Refer just few people & Get a chance to connect 1:1 with me for career guidance

Welcome to the Kafka Crash Course! Whether you're a beginner or a seasoned engineer, this guide will help you understand Kafka from its basic concepts to its architecture, internals, and real-world applications.

Give yourself only 10 mins and then you will comfortable in Kafka

Let’s dive in!

✨1 The Basics

What is Kafka?

Apache Kafka is an open-source distributed event streaming platform capable of handling trillions of events per day. Originally developed by LinkedIn, Kafka has become the backbone of real-time data streaming applications. It’s not just a messaging system; it’s a platform for building real-time data pipelines and streaming apps, Kafka is also very popular in microservice world for any async communication

Key Terminology:

Topics: Think of topics as categories or feeds to which data records are published. In Kafka, topics are the primary means for organizing and managing data.
Producers: Producers are responsible for sending data to Kafka topics. They write data to Kafka in a continuous flow, making it available for consumption.
Consumers: Consumers read and process data from Kafka topics. They can consume data individually or as part of a group, allowing for distributed data processing.
Brokers: Kafka runs on a cluster of servers called brokers. Each broker is responsible for managing the storage and retrieval of data within the Kafka ecosystem.
Partitions: To manage large volumes of data, topics are split into partitions. Each partition can be thought of as a log where records are stored in a sequence. This division enables Kafka to scale horizontally.
Replicas: Backups of partitions to prevent data loss

Kafka operates on a publish-subscribe messaging model, where producers publish records to topics, and consumers subscribe to those topics to receive records.

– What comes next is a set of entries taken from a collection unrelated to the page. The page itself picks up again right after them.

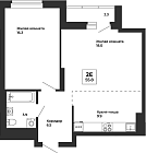 Кухня 14.4 м2 Жилая 26.6 м2 Балкон: да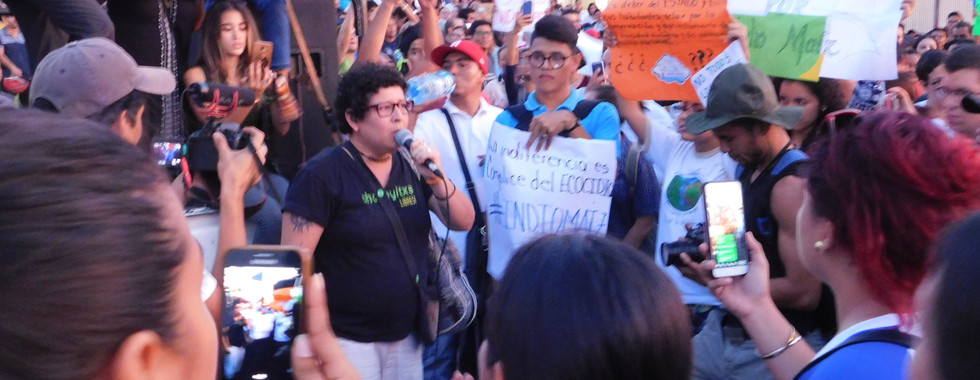 Caminamos gritando consignas y pregonando un mensaje por la naturaleza. Al llegar al monumento sentimos que habíamos logrado una de las más grandes hazañas; esa plaza tenía un valor "de oro" para el régimen de los Ortega-Murillo y nadie, nunca, se había atrevido a manifestarse en dicho lugar. Pero lo difícil estaba por venir: en cuestión de segundos llegaron policías armados en motocicletas y muchos jóvenes pro Ortega de una manera furiosa y violenta. A mí me tenían agarrado dos policías de las manos, pero logré zafarme a como pude. En cuestión se segundos estábamos rodeados por decenas de antimotines y detrás de ellos las turbas. ¡Había que correr!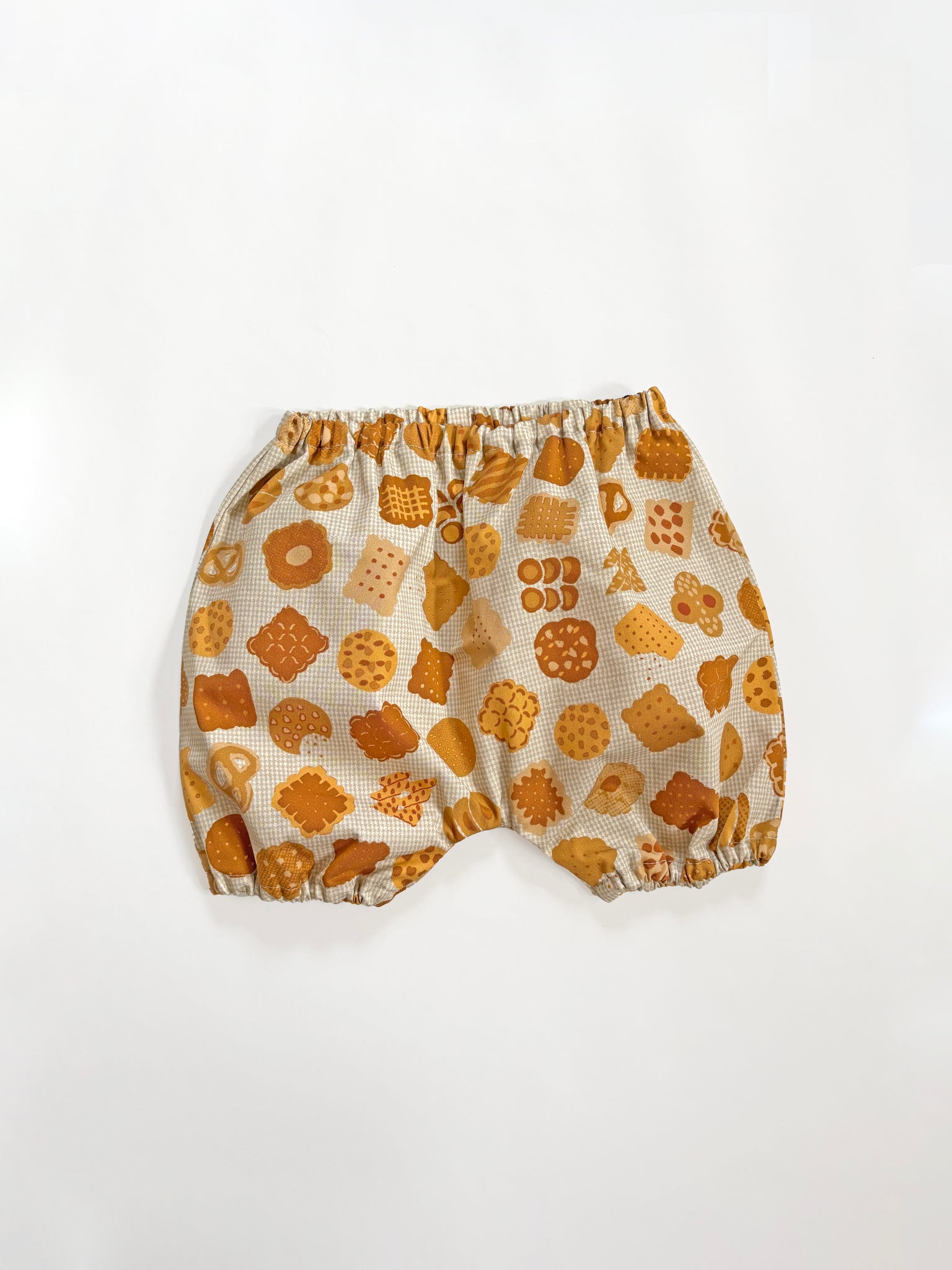 同柄のベビースタイとセットで合わせても可愛く、低月齢の頃はひざまで隠れるパンツとして、成長後はブルマとして長くお使いいただけます。(目安:6ヶ月〜18ヶ月ごろまで)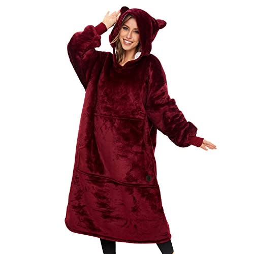 This blanket hoodie is made from the plushest material with a soft, sherpa lining, and it boasts an oversize design for maximum comfort. The roomy kangaroo pocket in the front offers a handy place to store remotes, your phone, and more — or it can be used to keep your hands warm. It even comes in kid sizes if you’re shopping for little ones.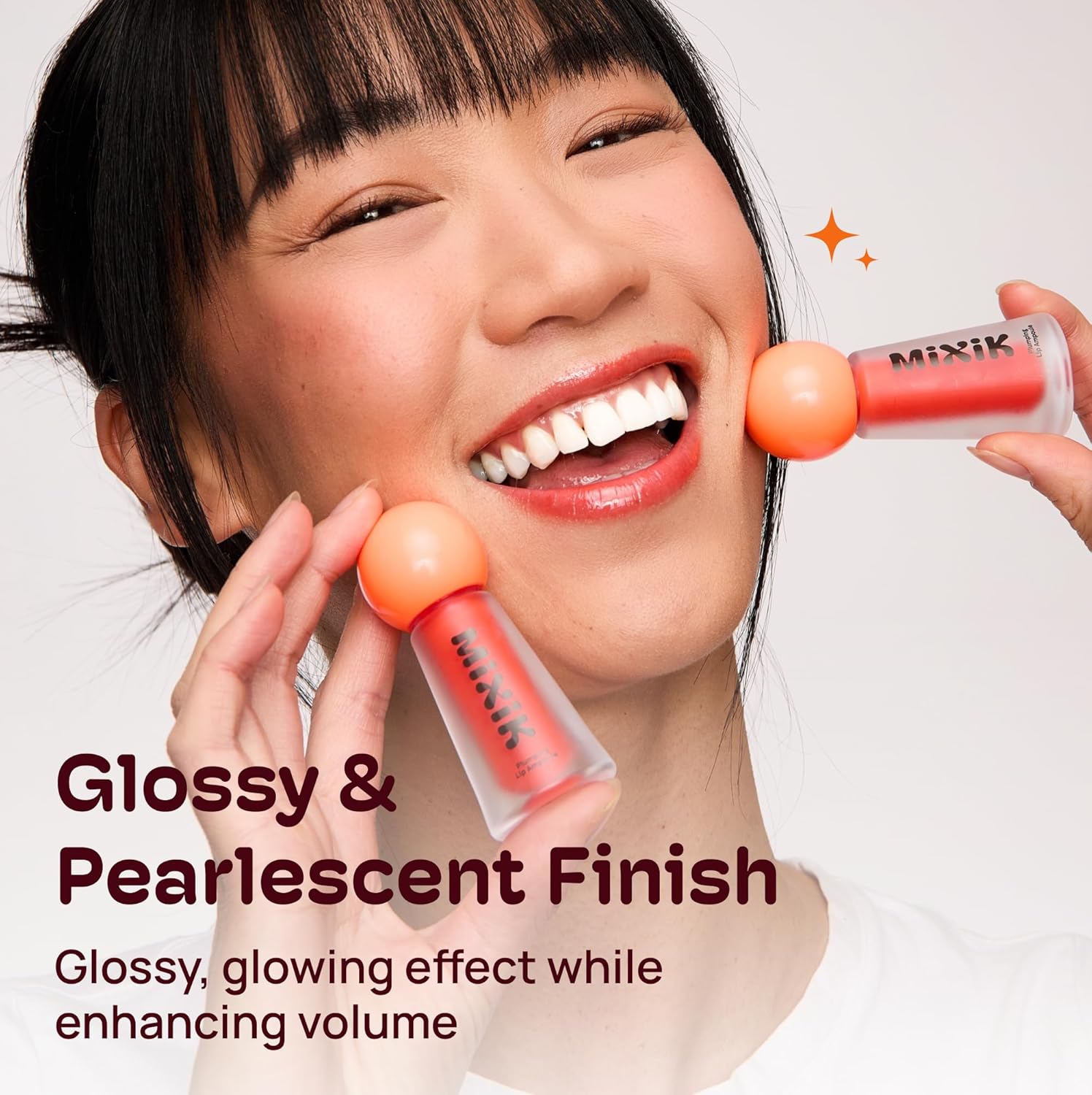 MIXIK Plumping Lip Ampoule, Hydrating Lip Gloss Plumping Ampoule made with Shea Butter & Argan Kernel Oil leaving Lips Plump, Smooth and Glossy, promotes Vibrant High-Gloss Plump Lips (Poppy Plump)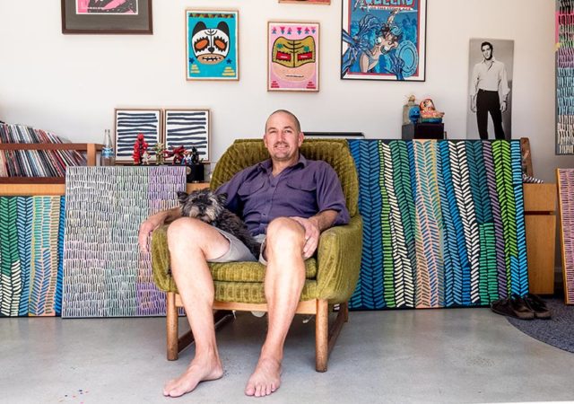 We recently chatted to cool dad and artist, Liam Murphy. You might’ve seen Liam’s works in galleries such as Fenton and Fenton, Jumbled, or Penny and Reiby. His works are geometric colourful, and very recognisable. We LOVE that Liam’s playlist is entirely…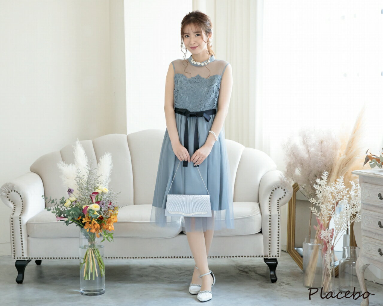 【売り切り価格】シアー切替え チュール ノースリーブ 袖なし レース ワンピース パーティードレス お呼ばれ 結婚式 成人式 同窓会 二次会 謝恩会 お見合い プラシーボ ドレス セレモニー 卒園式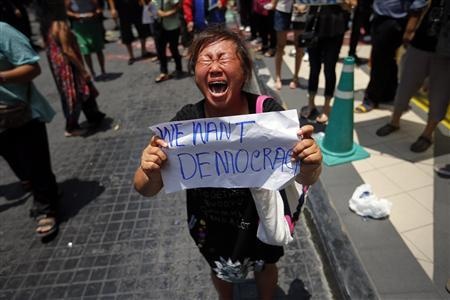 | Người phụ nữ khóc khi giờ tờ giấy với dòng chữ: "Chúng tôi muốn dân chủ" khi biểu tình tại Bangkok hôm 25/5. Ảnh: Reuters |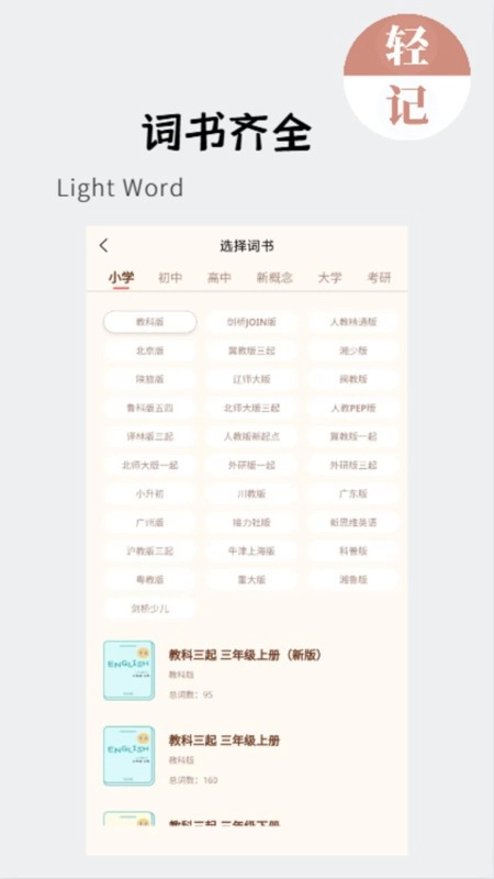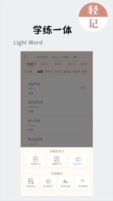 轻记单词的核心功能是帮助用户掌握自然拼读与拆分拼读技巧,让单词记忆更轻松高效。此外,我们还整合了图片联想、词根词缀解析、词源追溯等多元记忆方法,全方位辅助单词学习。复习环节则采用升级版Anki记忆算法,科学强化记忆效果。同时,我们会持续跟进教材更新节奏,确保内容与教学同步。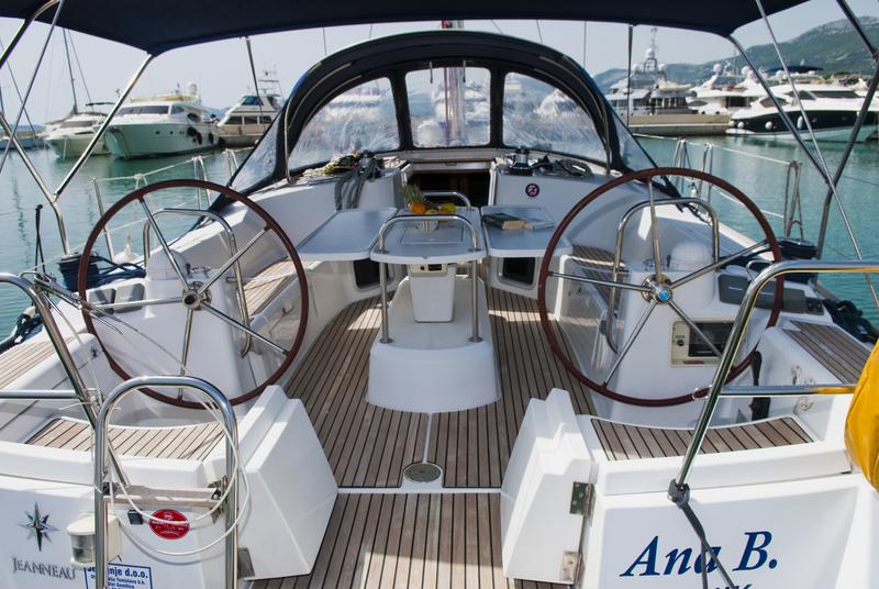 | Outside | 12 V-Anschluss, 220 V-Landanschluss, Anker mit Kette, Badeleiter, Biminitop, Cockpitdusche, Cockpitlautsprecher, Cockpittisch, elektr. Ankerwinsch, Fender, Festmacherleinen, Sprayhood, Teak im Cockpit, Windex |

Push/Pull: Producers push data, consumers pull at their own pace.

This decoupled architecture allows for flexible, scalable, and fault-tolerant data handling.

A Cluster has one or more brokers

A Kafka cluster is a distributed system composed of multiple machines (brokers). These brokers work together to store, replicate, and distribute messages.

A producer sends messages to a topic

A topic is a logical grouping of related messages. Producers send messages to specific topics. For example, a "user-activity" topic could store information about user actions on a website.

A Consumer Subscribes to a topic

Consumers subscribe to topics to receive messages. They can subscribe to one or more topics.

A Partition has one or more replicas

A replica is a copy of a partition stored on a different broker. This redundancy ensures data durability and availability.

Each Record consists of a KEY, a VALUE and a TIMESTAMP

A record is the basic unit of data in Kafka. It consists of a key, a value, and a timestamp. The key is used for partitioning and ordering messages, while the value contains the actual data. The timestamp is used for ordering and retention policies.

A Broker has zero or one replica per partition

Each broker stores at most one replica of a partition. This ensures that the data is distributed evenly across the cluster.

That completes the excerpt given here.